Toda objetividade encontra apoio ou resistência na subjetividade. Aqueles que desejam dominar o mundo, para dele fazer um jardim de orgias particulares, precisam fabricar a mentalidade geral que lhes dará suporte e, ao mesmo tempo, conter os impulsos contrários a suas determinações.

O acaso, nesse sentido, não existe. A imagem que destacou o Museu Nacional, no Rio de Janeiro, em chamas, na semana que abre os festejos da "independência" (as aspas são, neste instante, preventivas), é o que se pode nominar "tragédia anunciada". A piromania da "objetividade" no que diz respeito a tudo que não corresponda a lucro fácil e imediato é notória e produtora de históricas catástrofes.

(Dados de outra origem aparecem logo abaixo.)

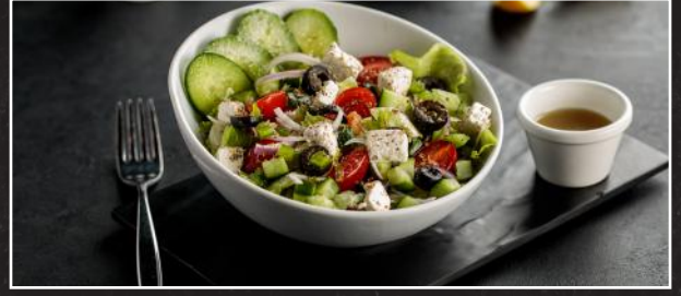
Greek Salad 2.9 سلطة يونانية

Grilled Chicken Strips, fresh Garden Salad, Croutons, with Caesar Dressing قطع من صدر الدجاج المشوي، سلطة خضراء طازجة، خبز محمص، مع صلصة السيزار
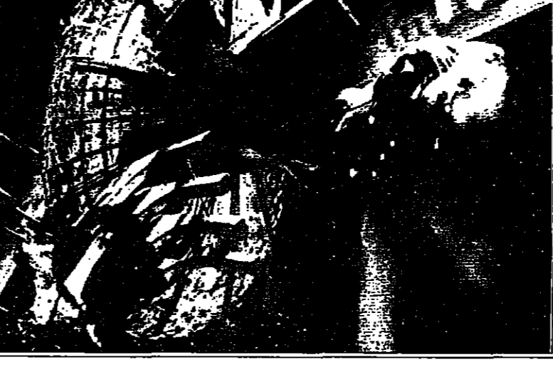
لقطة من فيلم مفقود في الفضاء

نجم المسلسلات هوروس ويلينغز بعد ان استهلك فكرة ملمستيون، وهو لمان كان يخفيها واحدا في جيبه.. فالأفلام
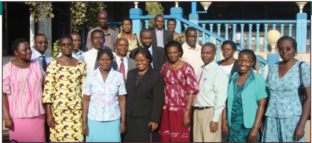
Le personnel du Ministère de la Santé durant un atelier de soutien de la performance

The Capacity Project IntraHealth International, Inc. 6340 Quadrangle Drive Suite 200 Chapel Hill, NC 27517 Tel. (919) 313-9100 Fax (919) 313-9108 info@capacityproject.org www.capacityproject.org
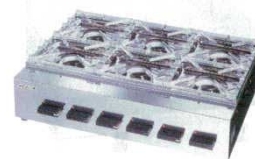
⑦ガステーブルコンロ OZK6Ⅲ
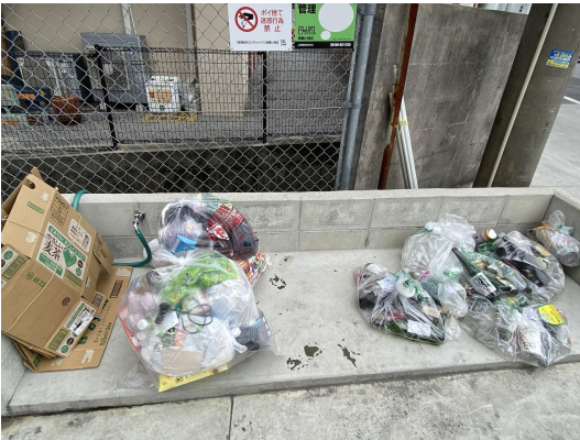
ゴミ置場・未回収ゴミあり。
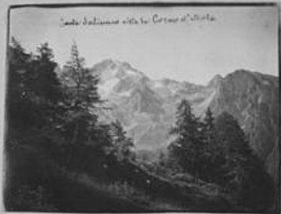
Costa Salinas alla fo. Corna d'Alpe
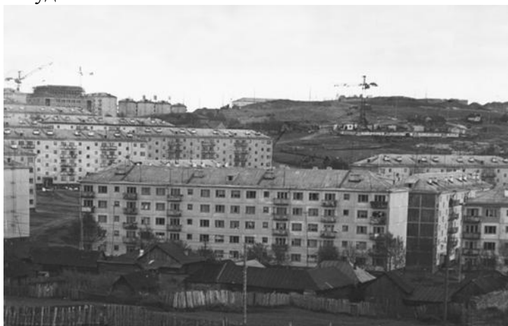
Город Первоуральск. 60-е годы XX в.

жил ребятам: «Мы берем обязательства в общем и целом, а надо, чтобы каждый рабочий лично отвечал за судьбу плана. Стремился улучшить дело, добиться высоких достижений на каждом рабочем месте. Будем брать первый рубеж - монтировать не менее четырех с половиной квадратных метров жилой полезной площади на человека в смену» . Почин одобрили коллегия Главсредуралстроя, Свердловский обком КПСС. Первыми движение за достижение наивысших показателей в натуральном выражении на человека в смену оценили и применили у себя строители: монтажники, плотники, каменщики, бетонщики, отделочники. Потом – работники промышленности, транспорта, сельского хозяйства. Оно подстегнуло весь рабочий класс Урала. Шагнуло за Урал. Сами инициаторы агитировали словом и делом, творили настоящие чудеса.
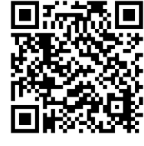
混雑予想 カレンダー
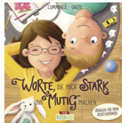
Worte, die mich stark und mutig machen
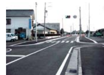
善左衛門藤枝停車場線 (志太西線)善左衛門付近
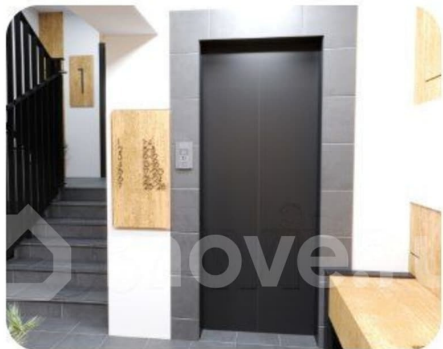
Подъезд воплощает в себе гармонию современного комфорта.
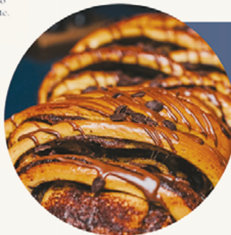
BOLO REI Nutella
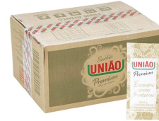
409203 AÇÚCAR PREMIUM SACHET UNIÃO 1000X5G CX/01 17891910020154
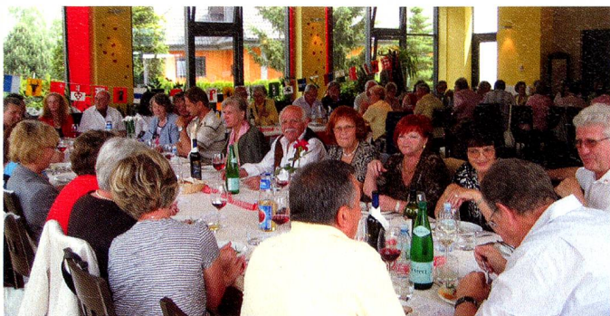
Ein wunderschönes Fest zum 10-jährigen Jubiläum.

wechsungsreich und für Jedermann. Es wurde auch ein Beitrag zum Thema „Heimat“ verfasst und vorgetragen und die Ehrenpräsidentin und Gründerin des Schweizerklubs erzählte über die Entstehung und den Anfang. Was wäre so ein schöner Jubiläumsanlass ohne ein Quiz mit Fragen über die Schweiz? Mitglieder verkleideten sich als berühmte Schweizer Persönlichkeiten aus Geschichte und Sport. Dazu gab es noch einige Fragen und nun durfte fleissig geraten werden. Auf der Bühne standen in tollen Kostümen, der Schellenursli, Roger Federer,
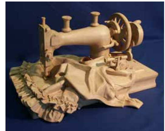
Eén van zijn topstukken
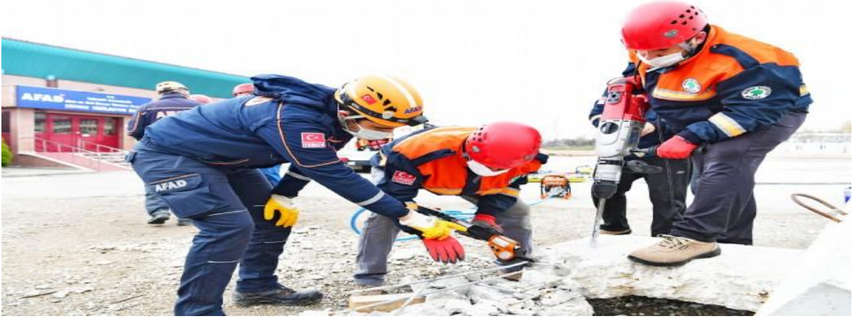
Şekil 4: Afet Hazırlık Tatbikat görüntüsü
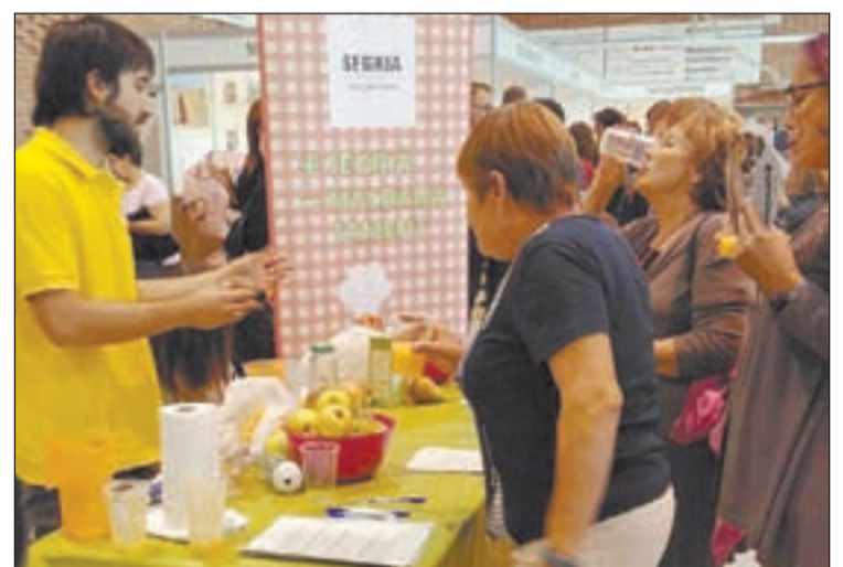
Durant un taller sobre el malbaratament alimentari

Els propers tallers són el 20 de gener als municipis de els Alalmús, al poliesportiu de 11 a 14 h, i a Puigverd de Lleida, de 17 h
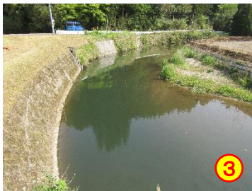
前川内～岩穴（久留味川） 《ガードレールがない》
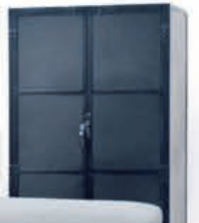
► Vitrinekast KM-5862 736,-

Imagem ilustrativa da imagem Há chamas de esperança?
| Foto: Mauro Pimentel/AFP



A efetivação das subjetividades em nosso país se vê desde sempre convencida a desprezar os valores que não atendam à multiplicação de cifras ou ofereça algo "prático" aos indivíduos e seus interesses imediatos. Economia, emprego, família, escola, religião, tudo gira em torno da ideia de obtenção de vantagem. Sob custódia do neoliberalismo, o mundo cria indivíduos que se tornam "empresas de si", em busca de competências e habilidades que os qualifiquem para a guerra na selva mercantil. A única regra é sobreviver - e muito bem, custe o que custar.

Quando um patrimônio cultural se perde; quando uma escola se fecha; quando um instituto de pesquisa se torna desnecessário; quando um professor é cercado pela sanha dos ignorantes que, tais quais vampiros, sugam o sangue das liberdades democráticas; quando muito pouca gente é capaz de perceber o que se perde entre as chamas que destroem os percursos da história, nada mais tem valor, a não ser o vil metal.

É num cenário de desespero, em que todos lutam contra todos para nada conquistar, que oportunistas pedem votos, mesmo sustentando a realidade que inferioriza a educação e vulgariza a cultura, mata de fome quem só deseja trabalhar, exclui os sonhadores e criminaliza os insurgentes. Trata-se dos mesmos sujeitos que defendem privilégios de casta a membros de certos poderes para, diante das acusações de injustiça que praticam cotidianamente, possam ser inocentados. Na roleta-russa entre poderosos e subalternos, safam-se aqueles que cortam recursos de museus e instituições de ensino e pesquisa, uma vez que se deliciam ordenando que educadores e cientistas sejam espancados no meio da rua.

Os piores indivíduos - os exemplares luxuosos das subjetividades empobrecidas do neoliberalismo contemporâneo - são aqueles que, a despeito de atearem fogo na história, fingem que são inocentes e prometem consertar o mundo do qual retiram ilimitados proveitos. São sujeitos que odeiam o futuro. E, por isso, destroem o passado e tornam áspero o presente.

Uma nação independente (retiradas as aspas) sabe qual fogo lhe deve arder na alma. Não é o fogo insensato daqueles que, em defesa de si mesmos, elegem as prioridades mais elitistas e equivocadas, mas, sim, o fogo que forjará uma nova realidade. O Brasil precisa se apoderar do sentido das filhas da esperança, das quais falou Santo Agostinho: a indignação, para jamais aceitar a "objetividade" tal qual ela é, e a coragem, para alimentar a "subjetividade" na luta por mudanças radicais.